I expect reliability to improve dramatically over the coming years as models and prompting techniques get more mature, but the last 5-10% will be really hard. Any place where 90% accuracy is good enough will be fair game for directly running AI (notably, this probably means replacing any workflow where human error was already expected and accounted for), but 99%+ accuracy will probably benefit from code generation for a while. I suspect this means that in any domain where code is already being used today, code will remain dominant for a while, even if it’s increasingly AI-generated.
Reliability aside, it also seems like there’s a lot of benefit in having code as a clearly structured artifact that human and AI can iterate on together. If people aren’t writing code manually as much, that means that programming languages could evolve towards being easier to read and edit than write from scratch.

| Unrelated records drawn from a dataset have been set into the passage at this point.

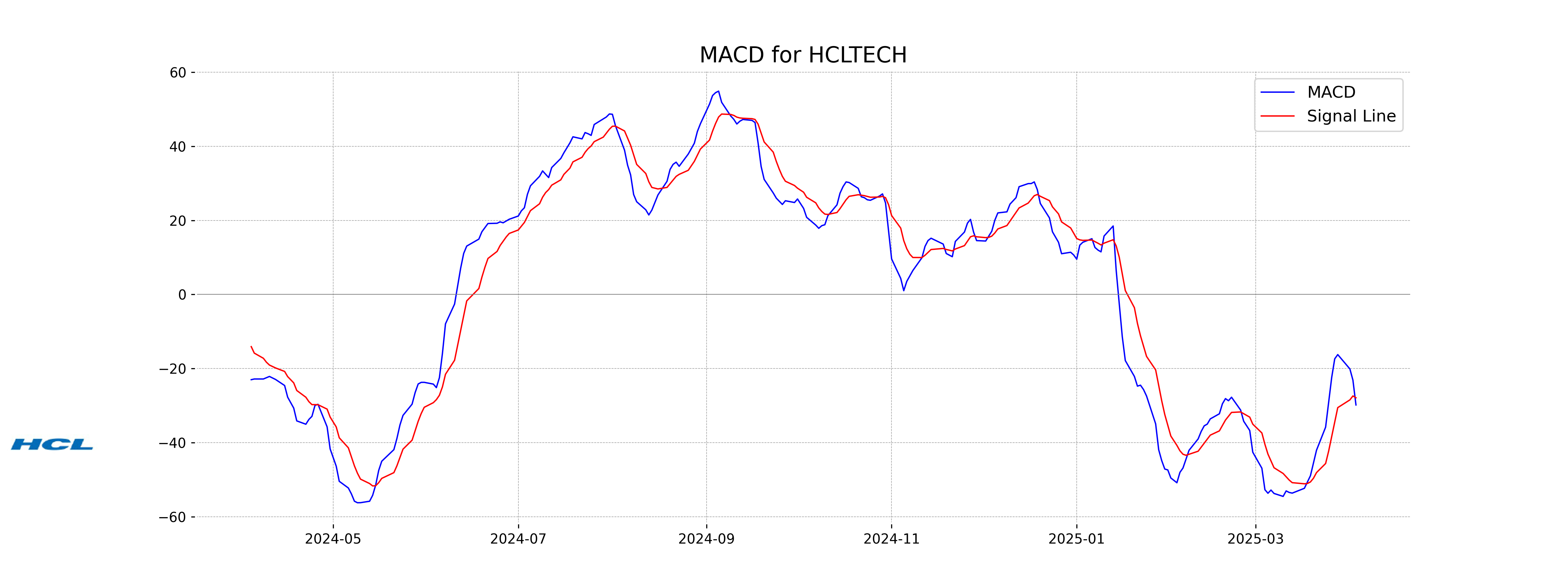 Based on the MACD analysis for HCL Technologies, the MACD value of -29.82 is lower than the signal line value of -27.87, suggesting bearish momentum. With the RSI at 28.94, it indicates the stock may be in oversold territory, potentially hinting at a reversal or consolidation.
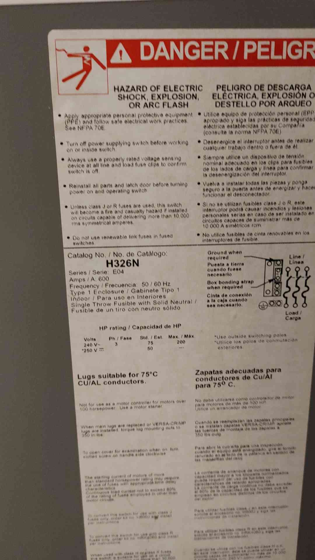 Square D Heavy Duty Safety Switch 600A 240VAC 250VDC H326N
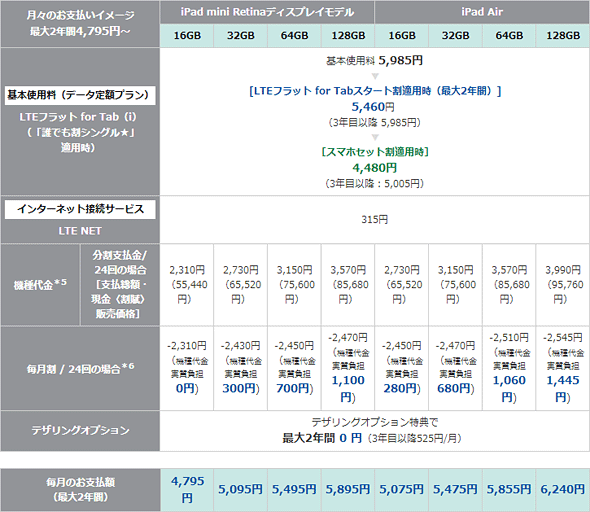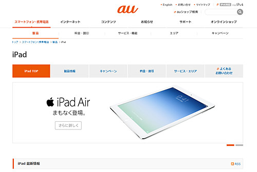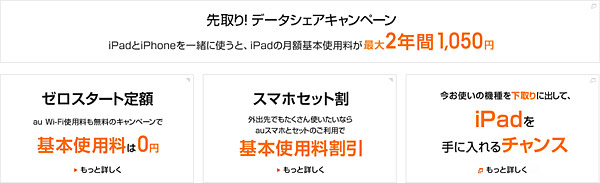料金プラン・キャンペーンは、従来と同じ。機種代金は、「iPad Air」の16GBが6万5520円、32GBが7万5600円、64GBが8万5680円、128GBが9万5760円、「iPad mini Retinaディスプレイモデル」の16GBが5万5440円、32GBが6万5520円、64GBが7万5600円、128GBが8万5680円だが、機種に応じて最大24か月、一定の金額を割り引く「毎月割」適用後の実質負担額は、「iPad Air」が6720円(月額280円×24回)から、「iPad mini Retinaディスプレイモデル」は0円から。さらに、auのスマートフォンとiPadをセットで利用する人向けに、「スマホセット割」「ゼロスタート定額」や「先取り!データシェアキャンペーン」などのセット割引・キャンペーンも実施する。
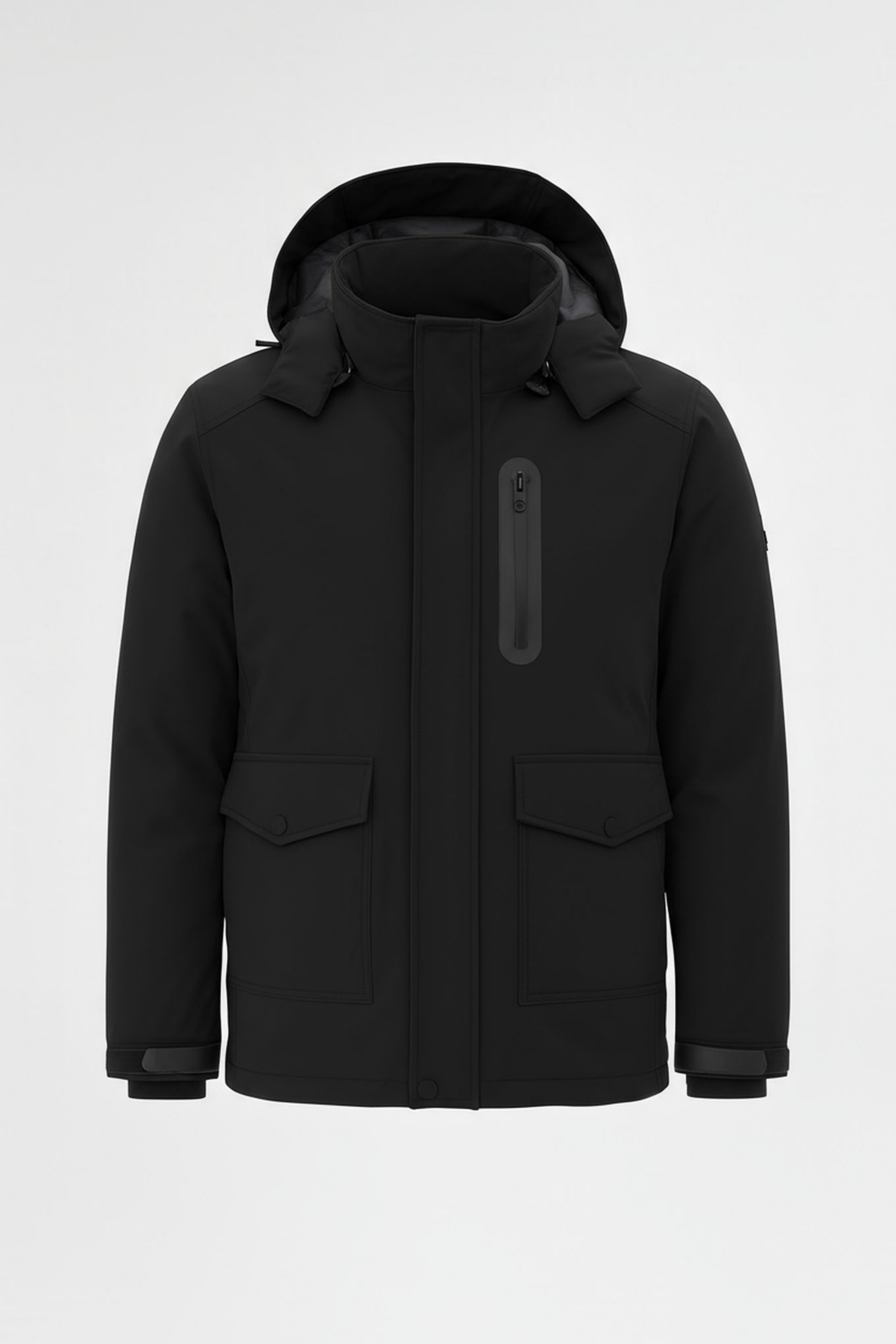 Erkek Siyah Outdoor Su Geçirmez Kapüşonlu Kışlık Kaban – Rüzgar ve Yağmura Dayanıklı
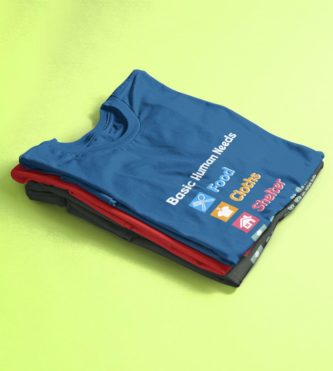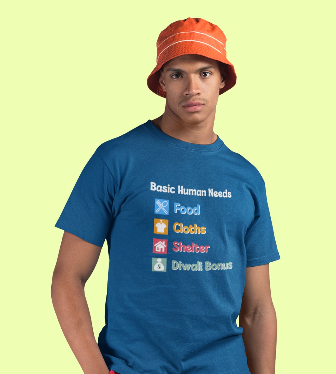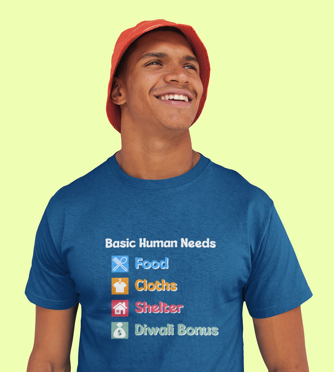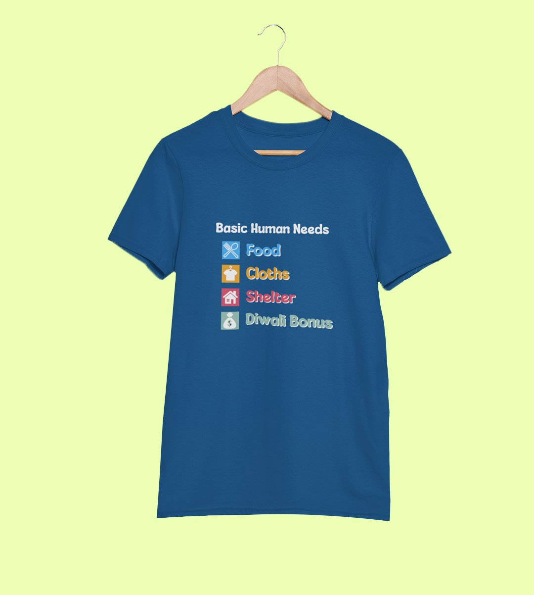 Basic human needs printed diwali themed unisex round neck blended blue t-shirt specially for diwali festival
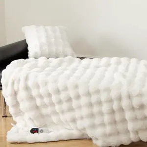 VELLUBAM Faux Fur Heated Blanket Throw White - Luxury Fluffy Rabbit Bubble Electric Blanket with 6 Heating Levels, 4 Time Settings, Ideal Gift for Women, Machine Washable (50"x60")

One of my favorite interaction ideas in this area comes from a traditional synthesis paper, User Interaction Models for Disambiguation in Programming by Example. The idea is that the AI generates a program based on user specification, and then shows the user a description of the program written in natural language syntax. It also shows alternative code that it could have written within various parts of the program, and lets the user directly choose between the options:
I like how this engages the human in reasoning clearly and directly about the desired behavior, while still getting a lot of help from fuzzy reasoning. It’ll be interesting to see how programming languages evolve to support easier reading, editing, and verification, as opposed to always writing from scratch…
Alright, I’m out of time for now. I’m thinking a lot about this topic these days so I’ll plan to share more soon, and would love to hear from you if you have thoughts on any of this.